Jon Moffitt: The subject for today is one that is very near and dear to my own heart. It is something that has plugged me in the past with dealing with the Christian life. We’re going to talk about the movement of what we call biblical counseling.
We had the longest conversation I think we’ve ever had prior to our podcast this morning. This is not a deconstructionist episode where we only here just to pull apart everything that we find wrong. But there are some areas where we want to help the church think through the role of counseling from the Bible from a confessional, biblical perspective.
There are a lot of movements out there and some of them are helpful and a lot of them are not. This is where we’re going to try and explain to you why we think that they can be actually more damaging than maybe helpful. All three of us have had positive experiences when it comes to biblical counseling and some of us have had horrible experiences when it comes Just by way of starting, when we say biblical counseling, it is giving someone directive to their life. Normally you don’t go into counseling unless there is a problem, right? You have some kind of problem that you need to be directed in that you cannot find that directive on your own. So that’s why people go to counseling. That’s pretty obvious, right?
Then we put the word biblical in front of it. So you’re not just getting secular idealism where it’s human behaviorism. What you’re looking for is to receive counsel from a power that’s above you, that comes from a trusted source that you know is true. A lot of counseling is theory. So in theory, this’ll work to help your marriage get better. In theory, this could help. Because it’s not necessarily founded upon rock solid, you can’t just stamp it and say this absolutely will work. When it comes to the word of God, biblical counseling is trusting its source with Scripture so you’re going to the word of God to say, these are truths that we know that we can absolutely trust because there are founded upon the inerrant word of God. That’s the background behind biblical counseling.
The unfortunate side of biblical counseling, which is what we want to talk about in the beginning, and then we’re going to move to how we think you should perceive and use counseling or if you want to call it biblical counseling, is we have people who walk into biblical counseling centers typically with a sin issue or something that’s been done to them. So they’re not necessarily in sin, but they are battling the sin of someone else, or they’re battling depression that may not even be a sin issue.
What they’re handed is not necessarily biblical truth. What they’re handed is behaviorism and therapy. The solutions that are provided to them – if you do this and you do this, then your behavior will change – that’s behaviorism. So they’re trying to improve your moral behavior and they’re going to use Scripture either as proof that you need to improve your moral behavior or as motivation.
When I was in seminary, the first verse that you took people to was Proverbs where it says, “the way of the sinner is hard.” The first thing we tend to say in motivating people is that the longer they stay in sin, the harder it will be. We immediately go negative because you don’t want them to stay in sin.

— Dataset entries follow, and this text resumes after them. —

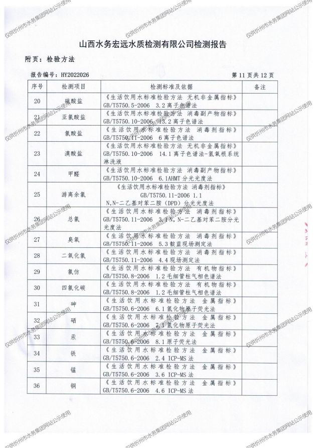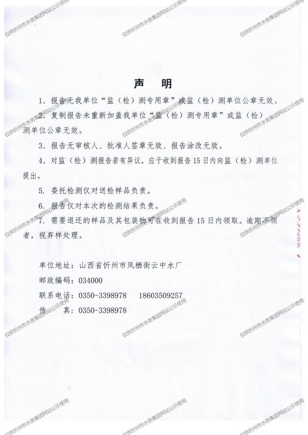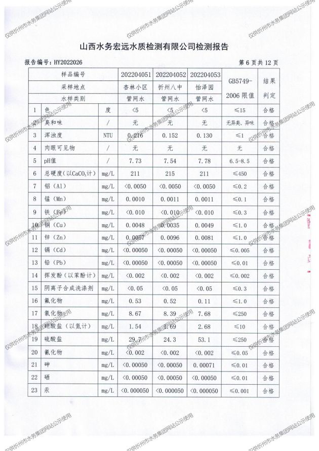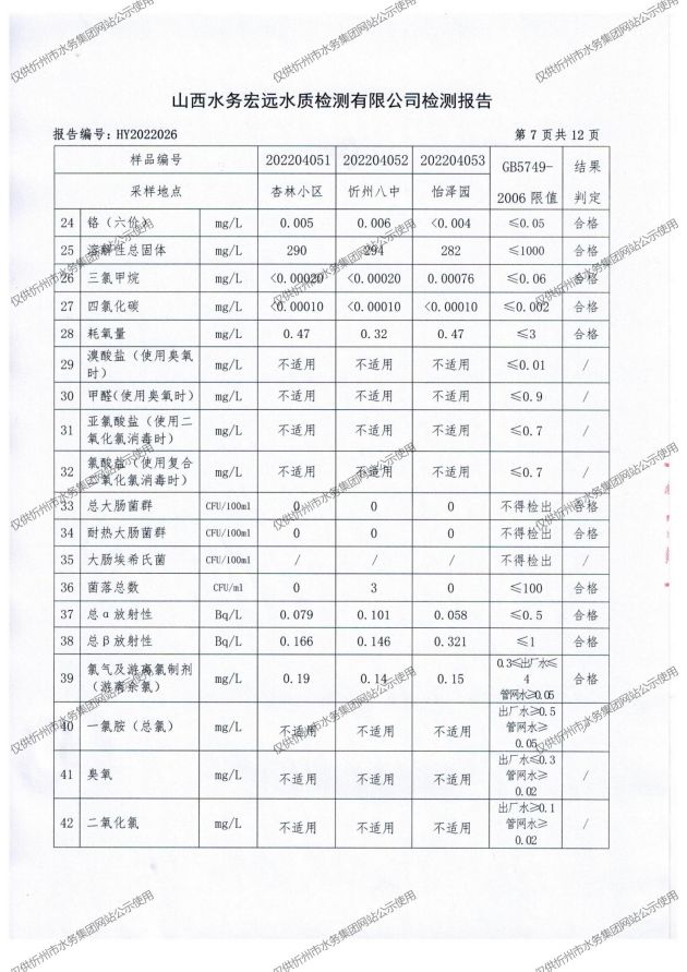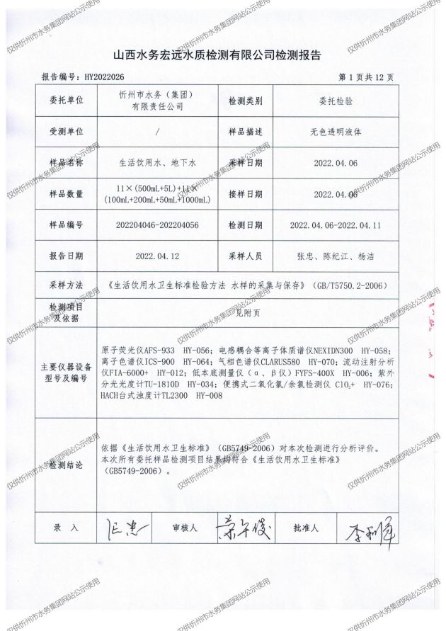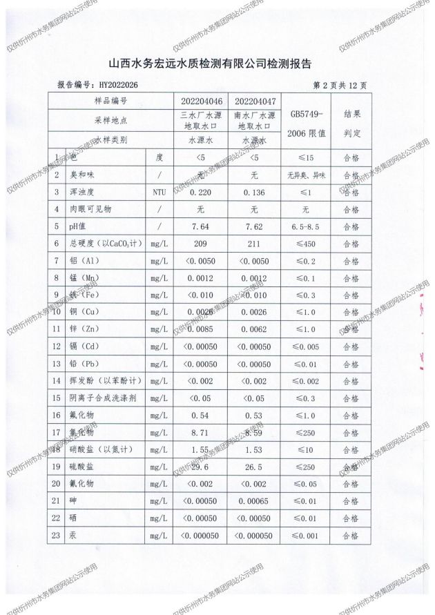 忻州城區公共供水水源水、出廠水、管網水、管網末梢水2022年4月份水質信息公示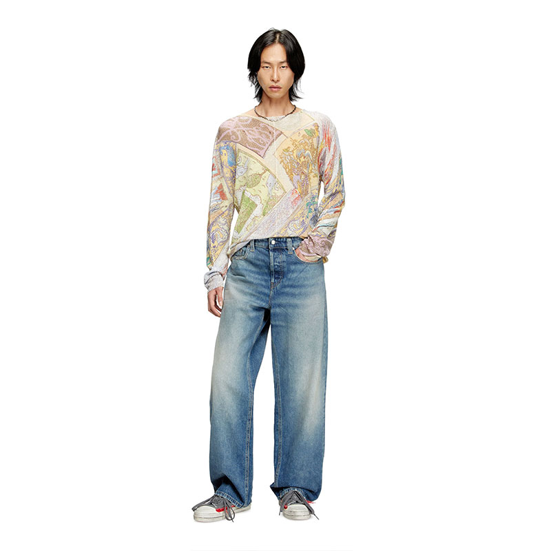 Men's rib-knit sweater crafted from 100% low-impact linen. Part of a creative collaboration with an artist, this style features a regular fit and medieval-inspired artwork in muted multicolour tones.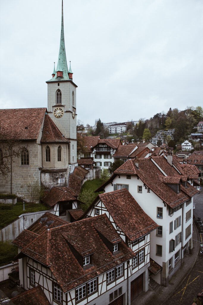 Ali no centro você também poderá visitar a Catedral de Berna, Berner Münster. Logo atrás dela, tem um espaço como se fosse uma praça/pequeno parque muito bonito, o Münsterplattform. Chegamos ali no final do dia e a vibe estava deliciosa, pessoas jogando bocha, xadrez, tinha muitas crianças brincando e pessoas admirando as vistas, pois ele fica no alto e ali você também consegue ter ótimas panorâmicas. Por ali também tem um cafezinho super agradável.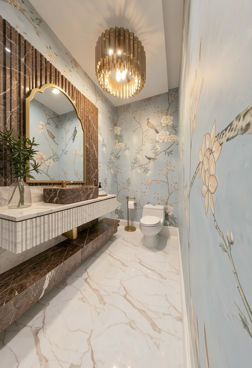 carrara marble in ridded vanity and light medium blue silk painted chinoiserie wallpaper sink in brown marble floor white carrara marble same vanity base of vanity and back of vanity in white carrara marble
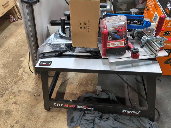 Brand new Bosch 18v 7 1/4" sliding miter kit with batteries and charger Ryobi 18v table saw (saw only) Rail stile router bit set Router Coping sled Shelf pin jig Kobalt router table and router combo...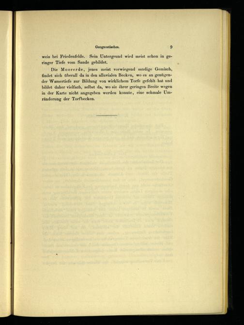 Die Moorerde, jenes meist vorwiegend sandige Gemisch, findet sich überall da in den alluvialen Becken, wo es an genügender Wassertiefe zur Bildung von wirklichem Torfe gefehlt hat und bildet daher vielfach, selbst da, wo sie ihrer geringen Breite wegen in der Karte nicht angegeben werden konnte, eine schmale Um- ränderung der Torfbecken.

So you begin to have them question, “Do you truly love God? Do you want to get this?” And unfortunately you start messing with their assurance. In the model that I was taught, and then it was basically, “Do these things, read your Bible more, pray more, read these books, discipline yourself, and that’s going to improve your behavior.”
So that’s where we’re going to start. I know that we have quite a few things to add here. Justin, what are you some of your thoughts on this?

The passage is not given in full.